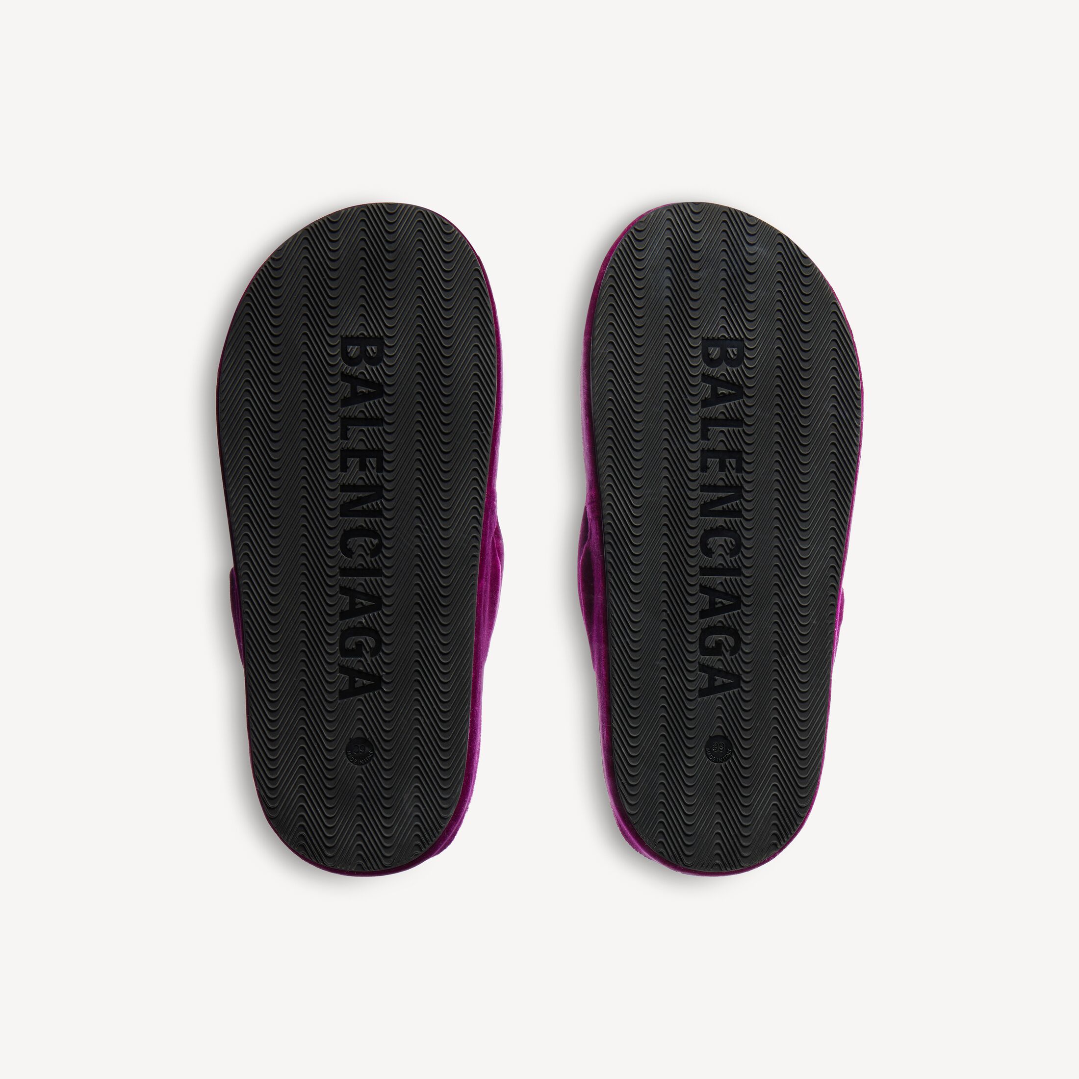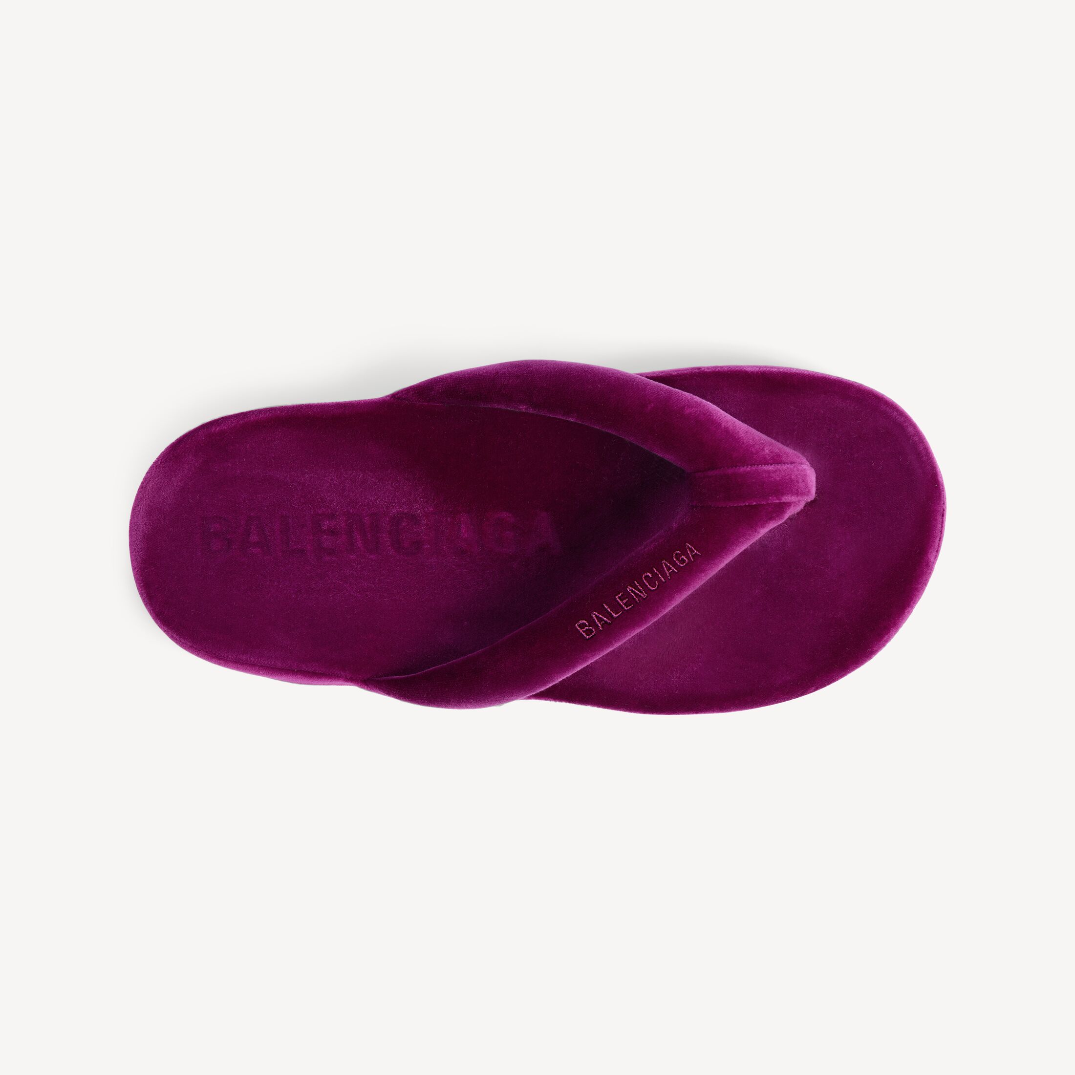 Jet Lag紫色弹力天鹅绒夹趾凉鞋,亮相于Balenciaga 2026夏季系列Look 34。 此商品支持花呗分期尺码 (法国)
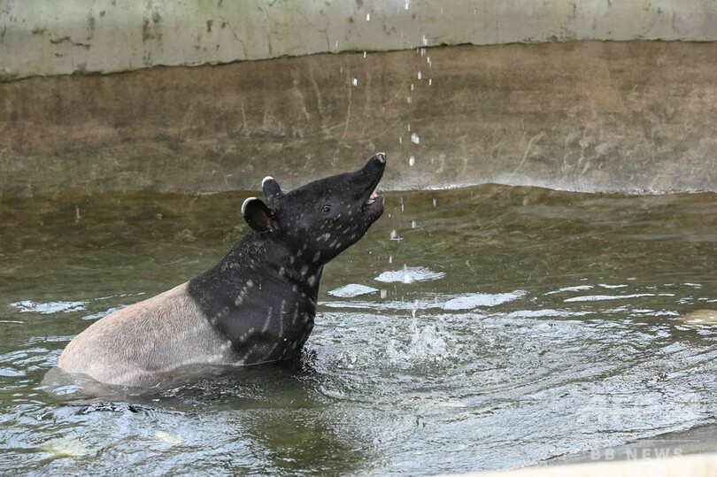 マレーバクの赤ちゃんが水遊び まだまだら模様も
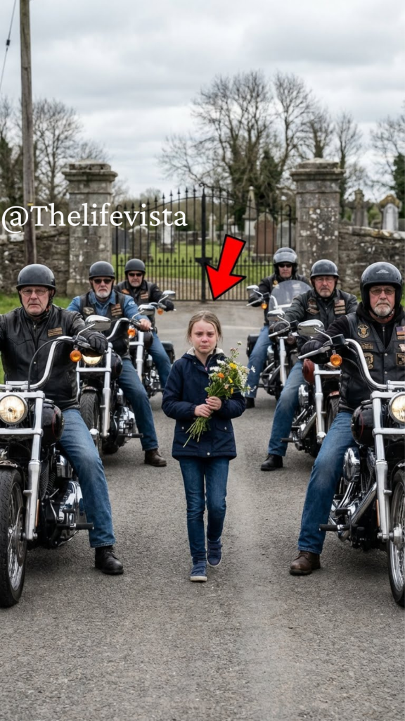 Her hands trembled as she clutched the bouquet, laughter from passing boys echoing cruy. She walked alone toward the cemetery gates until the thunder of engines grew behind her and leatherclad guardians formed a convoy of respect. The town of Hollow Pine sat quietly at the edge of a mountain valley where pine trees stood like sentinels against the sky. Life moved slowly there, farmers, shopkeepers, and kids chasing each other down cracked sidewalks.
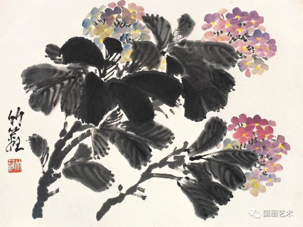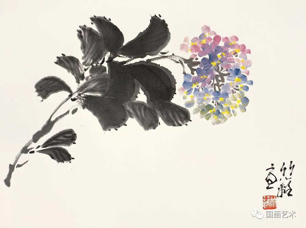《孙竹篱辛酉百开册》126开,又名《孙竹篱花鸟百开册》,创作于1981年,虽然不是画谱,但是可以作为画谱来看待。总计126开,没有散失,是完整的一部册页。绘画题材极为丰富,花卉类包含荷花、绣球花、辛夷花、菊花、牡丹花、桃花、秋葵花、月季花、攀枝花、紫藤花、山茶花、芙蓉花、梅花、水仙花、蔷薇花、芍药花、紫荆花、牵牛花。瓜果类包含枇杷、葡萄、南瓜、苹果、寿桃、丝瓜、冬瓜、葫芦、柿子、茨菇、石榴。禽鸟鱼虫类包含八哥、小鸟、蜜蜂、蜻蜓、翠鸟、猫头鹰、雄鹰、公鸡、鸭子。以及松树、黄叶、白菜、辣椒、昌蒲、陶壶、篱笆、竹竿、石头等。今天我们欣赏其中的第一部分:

[What you will do] A word-for-word copy of all the data, without pictures, is the expected output.

[Result below]
 Jet Lag紫色弹力天鹅绒夹趾凉鞋,亮相于Balenciaga 2026夏季系列Look 34。 此商品支持花呗分期尺码 (法国)
 マレーバクの赤ちゃんが水遊び まだまだら模様も
 Her hands trembled as she clutched the bouquet, laughter from passing boys echoing cruy. She walked alone toward the cemetery gates until the thunder of engines grew behind her and leatherclad guardians formed a convoy of respect. The town of Hollow Pine sat quietly at the edge of a mountain valley where pine trees stood like sentinels against the sky. Life moved slowly there, farmers, shopkeepers, and kids chasing each other down cracked sidewalks.
《孙竹篱辛酉百开册》126开,又名《孙竹篱花鸟百开册》,创作于1981年,虽然不是画谱,但是可以作为画谱来看待。总计126开,没有散失,是完整的一部册页。绘画题材极为丰富,花卉类包含荷花、绣球花、辛夷花、菊花、牡丹花、桃花、秋葵花、月季花、攀枝花、紫藤花、山茶花、芙蓉花、梅花、水仙花、蔷薇花、芍药花、紫荆花、牵牛花。瓜果类包含枇杷、葡萄、南瓜、苹果、寿桃、丝瓜、冬瓜、葫芦、柿子、茨菇、石榴。禽鸟鱼虫类包含八哥、小鸟、蜜蜂、蜻蜓、翠鸟、猫头鹰、雄鹰、公鸡、鸭子。以及松树、黄叶、白菜、辣椒、昌蒲、陶壶、篱笆、竹竿、石头等。今天我们欣赏其中的第一部分:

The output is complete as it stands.